Говоря медленно, тягуче, он поглаживал левую сторону шеи и как будто подталкивал челюсть вверх, взгляд мутных глаз его искал чего-то вокруг Самгина, как будто не видя его.
– Теперь давайте, двигайте дело графини этой. "Завтра напишем апелляцию... Это мы тоже выиграем. Ну, я, знаете, должен лежать, а вы к жене пожалуйте, она вас просила. Там у нее один... эдакий... Из этих, из модных... Искусство, философия и всякое прочее. Э-хе-хе...
Он махнул левой рукой, правую протянул Самгину и, схватив его руку, удержал ее:
– Толстой-то, а? В мое время... в годы юности, молодости моей, Чернышевский, Добролюбов, Некрасов - впереди его были. Читали их, как отцов церкви, я ведь семинарист. Верования строились по глаголам их. Толстой незаметен был. Тогда учились думать о народе, а не о себе. Он-о себе начал. С него и пошло это... вращение человека вокруг себя самого. Каламбур тут возможен: вращение вокруг частности-отвращение от целого... Ну - до свидания... Ухо чего-то болит... Прошу...
Он указал рукой на дверь в гостиную. Самгин приподнял тяжелую портьеру, открыл дверь, в гостиной никого не было, в углу горела маленькая лампа под голубым абажуром. Самгин брезгливо стер платком со своей руки ощущение теплого, клейкого пота.
Дверь в столовую была приоткрыта, там, за столом, сидели трое мужчин и Елена. В жизни Клима Ивановича Самгина неожиданные встречи были часты и уже не удивляли его, но каждая из них вызывала все более тягостное впечатление ограниченности жизни, ее узости и бедности.
В толстом рыжеволосом человеке, с надутым, синеватого цвета бритым лицом утопленника, с толстыми губами, он узнал своего учителя Степана Андреевича Томилина, против него, счастливо улыбаясь, сидел приват-доцент Пыльников.
– И замалчивают крик отчаяния, крик физиолога дю-Буа-Реймона, которым он закончил свою речь "О пределах наших знаний" - сиречь "Игнорабимус" - не узнаем!
– строго, веско и как будто сквозь зубы говорил Томилин, держа у бритого подбородка ложку с вареньем.

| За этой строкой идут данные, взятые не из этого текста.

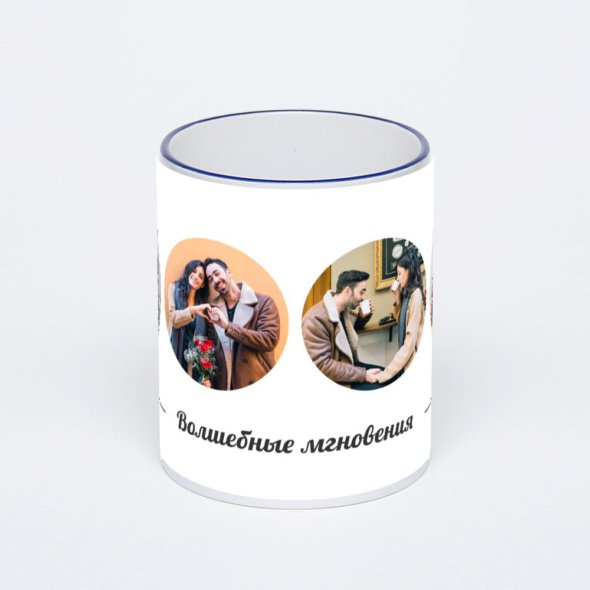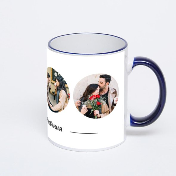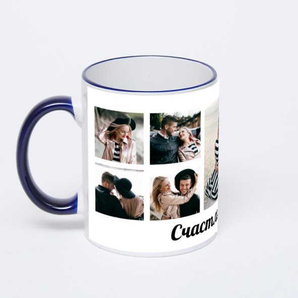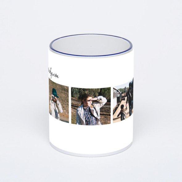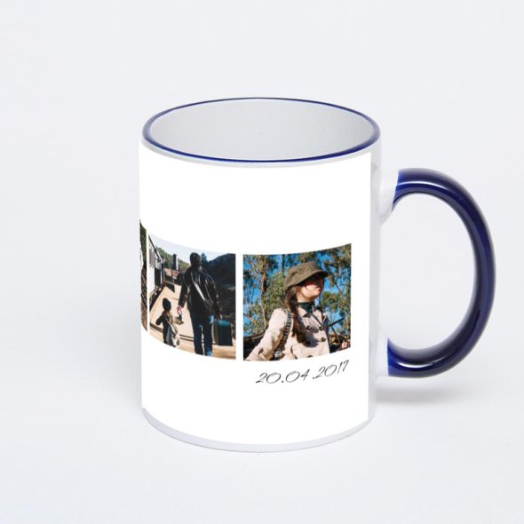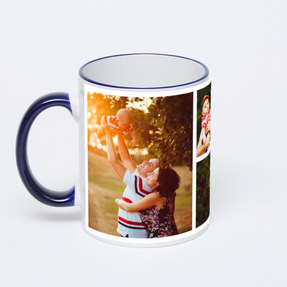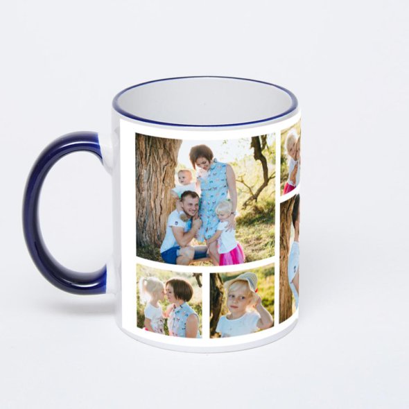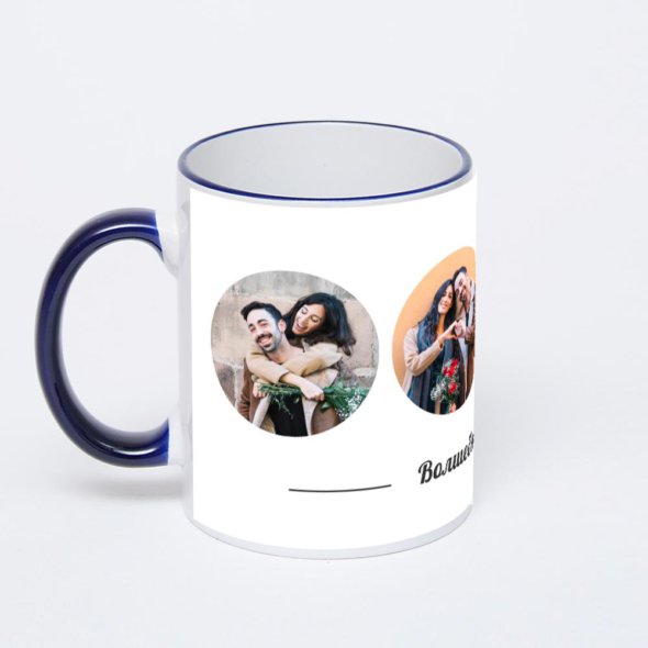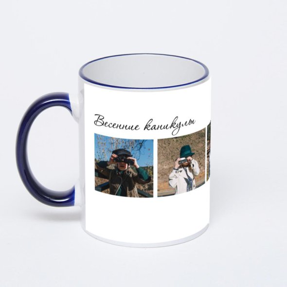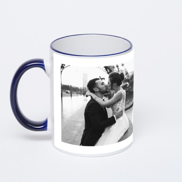 Керамическая кружка с тёмно-синей ручкой и ободком с нанесением изображения. Кружка с вашим изображением – это уникальный и качественный подарок. Создать её вы можете прямо сейчас в редакторе, добавляя фотографии, стикеры и надписи.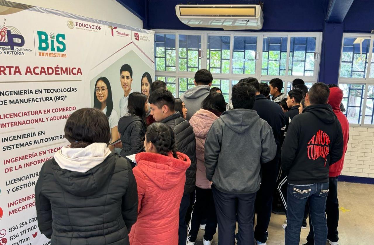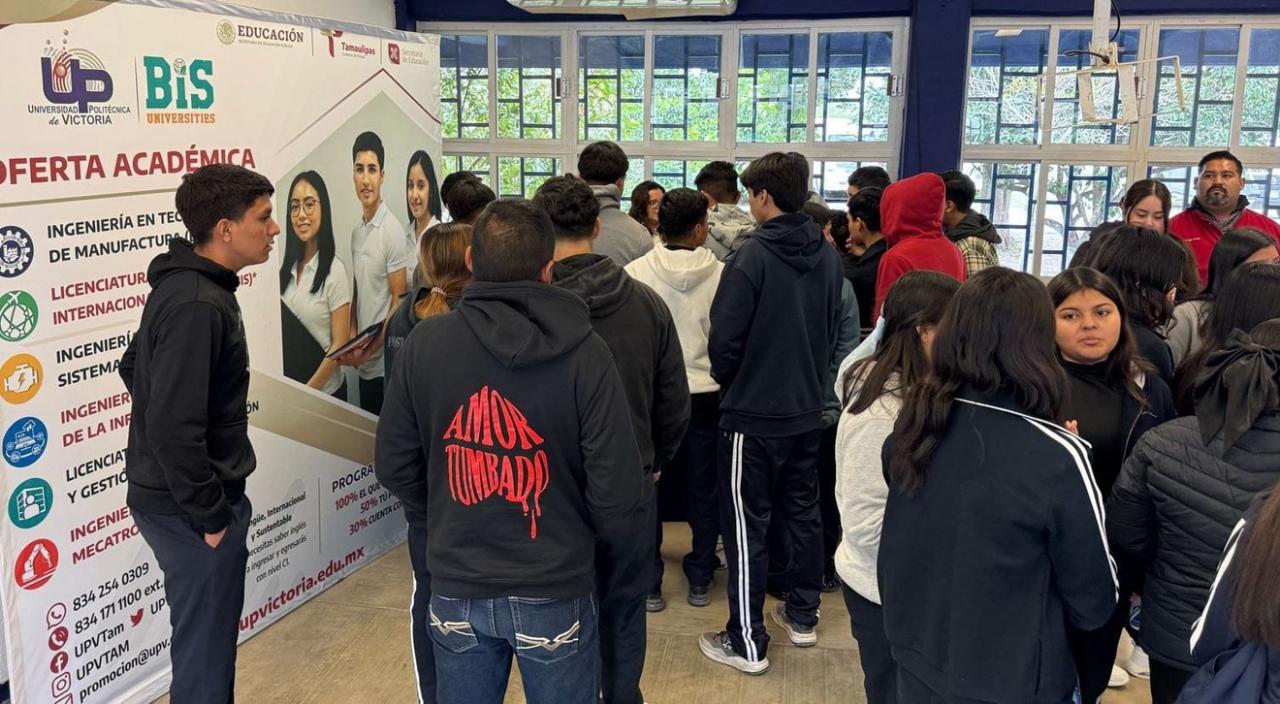 Güemez, Tamaulipas.– Con el propósito de que las y los jóvenes que están a punto de culminar su educación media superior conozcan la oferta académica con la que cuenta la Universidad Politécnica de Victoria (UPV), la insitución participó en la Feria Vocacional “Construyendo mi yo del futuro 2025”, organizada por el Centro de Estudios de Bachillerato “Maestro Lauro Aguirre” (CEB 6/15).

– Сов-вершенно верно, - с радостью подтвердил Пыльников, и вслед за его словами торопливо раздался тонкий детский голосок:
– Так, интересы профессии одних, привычка к легкомыслию других ограничивают свободу мысли.
– Именно - это!
– снова подтвердил Пыльников.
– То есть сначала это, затем уже политика власти - самодержавной власти, разумеется...
– О!
– вскричала Елена, встречая Самгина.- Вот прекрасно! Знакомьтесь: Аркадий Козьмич Пыльников, Юрий Николаевич Твердохлебов.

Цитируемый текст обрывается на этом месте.